Communist Vietnam embraces royal past
HUE, Vietnam, June 29 (Reuters) Led by a pair of elephants, robed men with red conical hats carry the king on a gilded, silk-tasselled sedan chair.
The streets are lined by tens of thousands of excited people.
The procession is not in an Asian monarchy such as Thailand or Japan, but at the Hue Festival of arts and culture in Communist Party-ruled Vietnam, which less than a generation ago shunned its feudal past.
This seemingly contradictory re-enactment of a royal ritual in communist Vietnam is one highlight of the mid-June festival, where officials are increasingly comfortable displaying the country's royal heritage to promote tourism and development.
''The Hue festival is unique in Vietnam because it is not a political event, it is not a celebration of the state, of the party or the revolution,'' said Michael DiGregorio, arts and culture expert with the U S philanthropic Ford Foundation that has funded parts of the two-yearly event since it began in 2000.

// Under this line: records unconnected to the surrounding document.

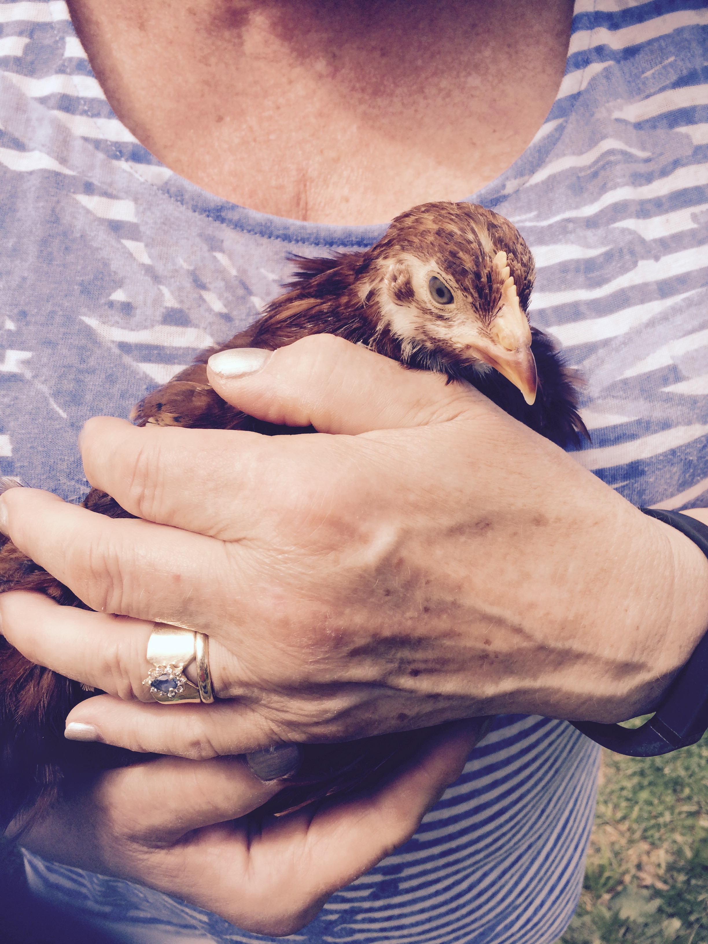 Her 13 year-old daughter, Makayla, had received two tiny chicks as a gift. At this point, the babies, named Daisy and Marigold, were about six weeks old. They had imprinted on sweet Makayla, who was a very attentive and caring (future veterinarian) Mama, but they were living in the family garage and, as Kristin said, “Pooping on everything!” She knew the time was quickly approaching when the chicks would need to leave their suburban home and find a new place among their brethren on a farm. Cockamamy to the rescue!
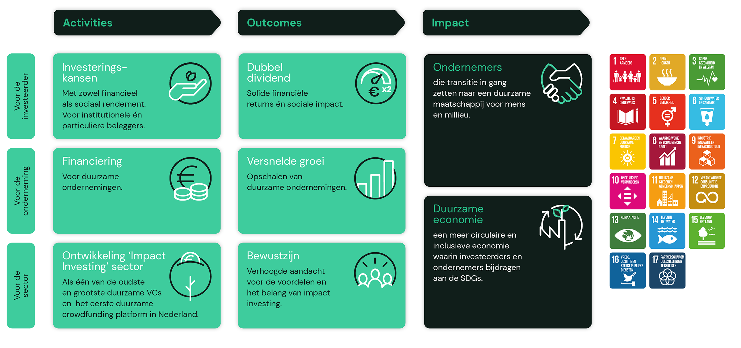 Impact investeren is nog steeds een niche-activiteit. Wij willen daar mainstream gedachtengoed van maken. Hoe we dat doen kun je zien in het Theory of Change model wat wij daarvoor volgen: in eenvoudige stappen maken we duidelijk wat het doel is, waarom dat het doel is en hoe we dit kunnen bereiken.
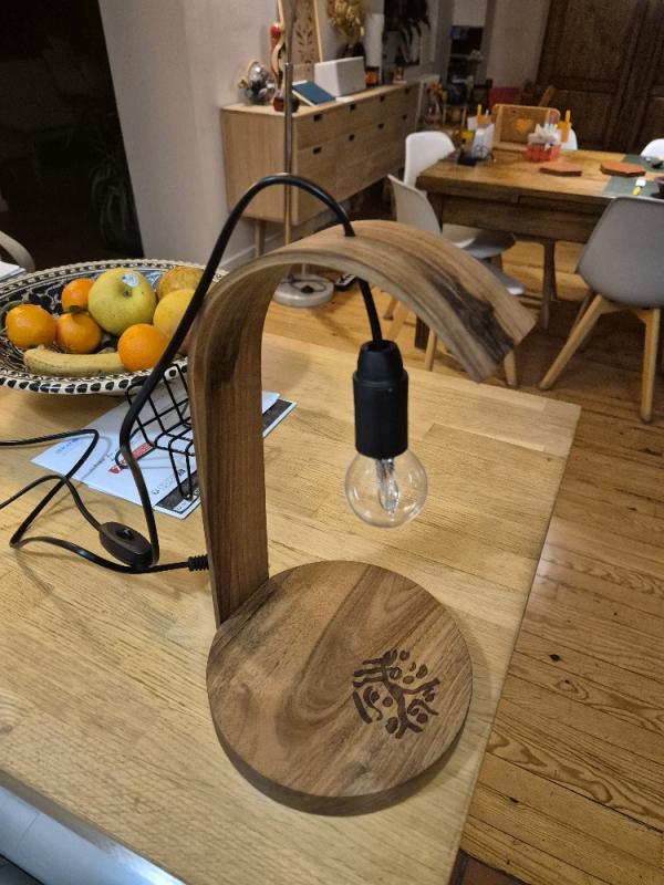 Une après midi très agréable avec David qui est un passionné du bois et aime transmettre ses connaissances accompagnées de ses propres expériences. Je suis particulièrement fière de ma lampe en noyer qui est magnifique, avec de plus la touche personnelle du gravage possible sur le socle. Super. Merci David.
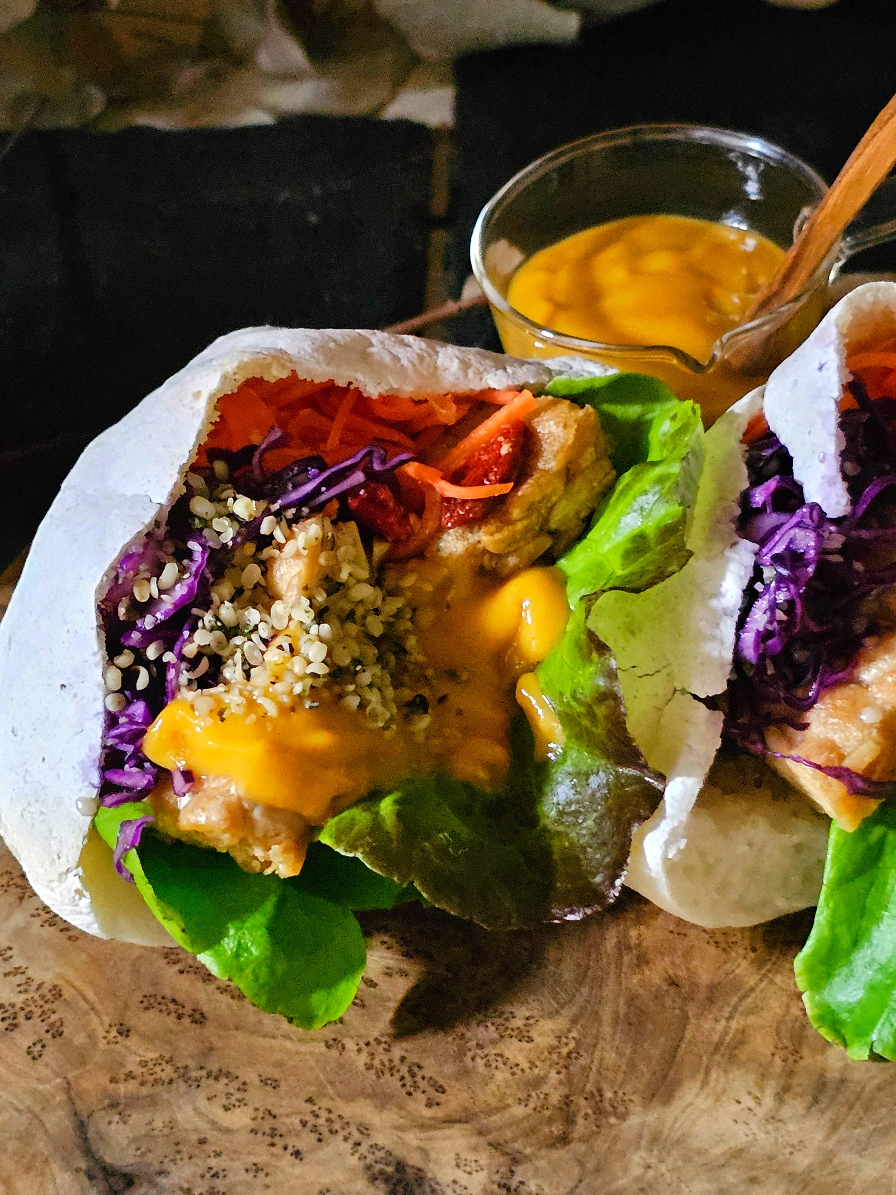 ポッケに自家製テンペや、ラペを挟んで、ヴィーガンチェダーチーズかければ、最高に美味しい❤️
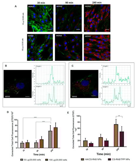 hMSCs were seeded on bottom glass slides (20,000 cells/well) and cultured in DMEM added with FBS and antibiotics (at 37 °C with 5% CO2) till reaching 60–70% of cell confluence. Then, cells were treated with 500 μL of placebo Rhodamine (RhB)-conjugated HA/CS (HA/CS–RhB) NPs suspension, prepared as described in Section 2.9.2, at different concentrations (50 µg and 100 µg/20,000 cells). RhB-conjugated CS (CS-RhB/TPP) NPs (see Section 2.9.3) were used as control whereas untreated cells were used as negative control.
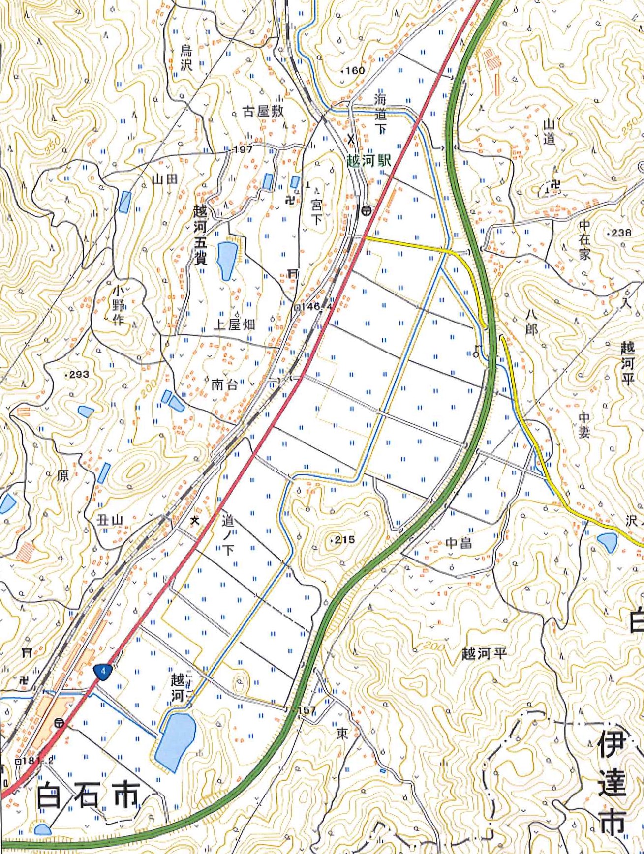 次の図は宮城県白石市越河地区の地形図です。ここは東北自動車道で国見ICから下ってくると左側に田んぼが広がる小さな盆地としてよく見えます。さらに下ると再び山に入り、やがて白石盆地に出ます。

The king, an actor from a traditional dance troupe, is taken to a temple called Nam Giao or Temple of Heaven. There, he pretends to perform sacrificial rights on a goat, a pig and a buffalo and prays for good rains and his people's prosperity.
His performance and those of other actors in the roles of royal court officials are shown live on national television. The central Vietnam city of Hue was the royal capital from 1802 during the Nguyen dynasty until 1945, when the royal family abdicated to the communists.
NATIONAL IDENTITY The economy of the poor Southeast Asian country of 83 million is growing rapidly and tourism is booming as it enters its third decade of market reforms. Vietnam has shed parts of its centrally-planned economy and removed many barriers to trade with the rest of the world.
''Most of the leadership understand that the real struggle in Vietnam is not the political struggle but it is the struggle to maintain one's identity in globalisation,'' DiGregorio says.
''The cultural heritage of Vietnam is a way of reminding people who they are while going through this social transformation.'' About 150,000 people from 52 nations visited the June 3-11 festival and overall, 1.5 million attended, officials say. They say the city has earned 23 million dollars from tourism so far this year, an increase of 31 percent from the same period last year.